“The Race Card” vs. “Real Racism,” part three: self-knowledge
As a follow-up to yesterday’s post about “The Race Card” by Richard Thompson Ford, I wanted to say that I get that part of his accusation is leveled at people like me: affluent liberals who spend a lot of time thinking about and complaining about racism. I will be the first to admit that I haven’t been victimized by racism in the the way that others have. And I’m the first to admit that I’ve enjoyed enormous priviledge in my life because I have white skin. In many ways, Mr. Ford (as a Black man with a more average complexion) probably has encountered more racism in his life than I have. But I don’t think that I need to discount myself from the conversation for that reason. On the contrary, I think I can offer myself up as having the insider perspective of a white man, but without the blinders that most white people have to the experiences of minorities. I find that a lot of my white friends can’t easily or adequately imagine the daily struggle that being a minority creates. It’s not the struggle that minorities had in previous eras (under apartheid of slavery), but it’s a kind of a constant wear regardless. On the other hand, I also find that a lot of my Black friends have false sense of racism in white America: either they imagine that it’s gone based on all the white people who have been nice to them, or they imagine that it’s some kind of organized and clandestine conspiracy. Since I’ve been the proverbial fly on the wall when white people thought that they were in all-white groups, I can talk from personal experience how racism is alive and well in America. And it’s not self-conscious, and it’s not rabid, and it’s not organized. It’s a series of petty rationalized assumptions that lead up to one big uphill bias.

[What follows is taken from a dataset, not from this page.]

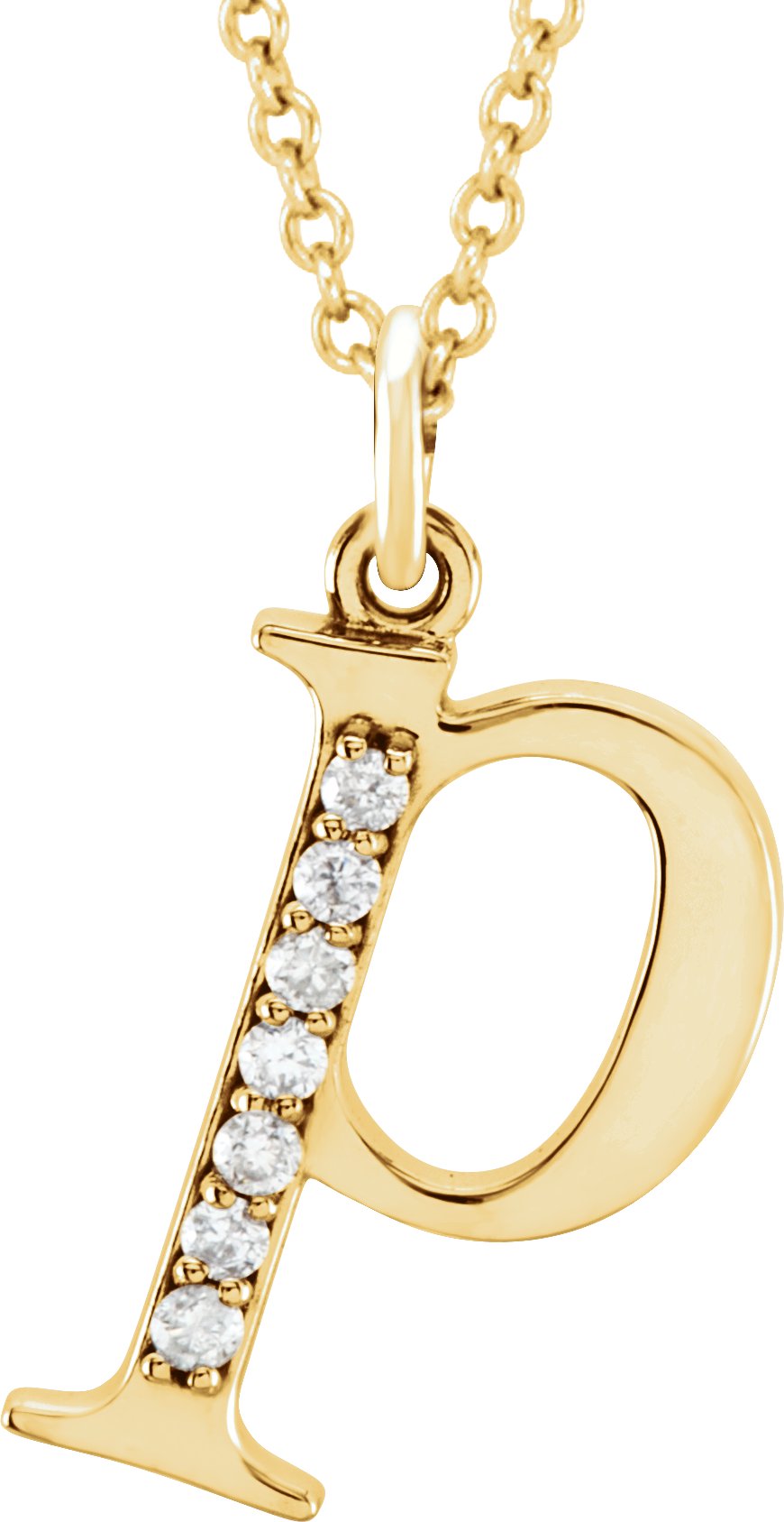 14K Yellow .03 CTW Natural Diamond Lowercase Initial P 16" Necklace

Sure, we’ve come a long way. Sure, a Black person in this society can make it if he works hard and keeps his nose clean. Sure, Black people need to take responsibility for their own efforts. But, when a Black intellectual like Mr. Ford (or Cosby or Elder) says that Black people have to take responsibility for their own education and make it in this world despite racism, what a lot of white people hear is that racism is no longer a problem. There’s a big difference between saying that racism is more surmountable than it was in the 50s and 60s, and saying that it’s no longer a problem. And I think that when Black intellectuals want to make the point that Black people need to take more responsibility for how the deal with their lives, they have to be very careful about how that message will be taken by the mainstream white media.
Anyway, my point is that I understand the criticism that many Black leaders have leveled against commentators like myself who concentrate on the problems we still have. I don’t think that I’m offering minorities a crutch, encouraging a culture of victimization, or detracting attention from the “real issues”. But I do take the argument seriously, and I’ll try to keep it in mind. You’ve at least given me food for though, Mr. Ford.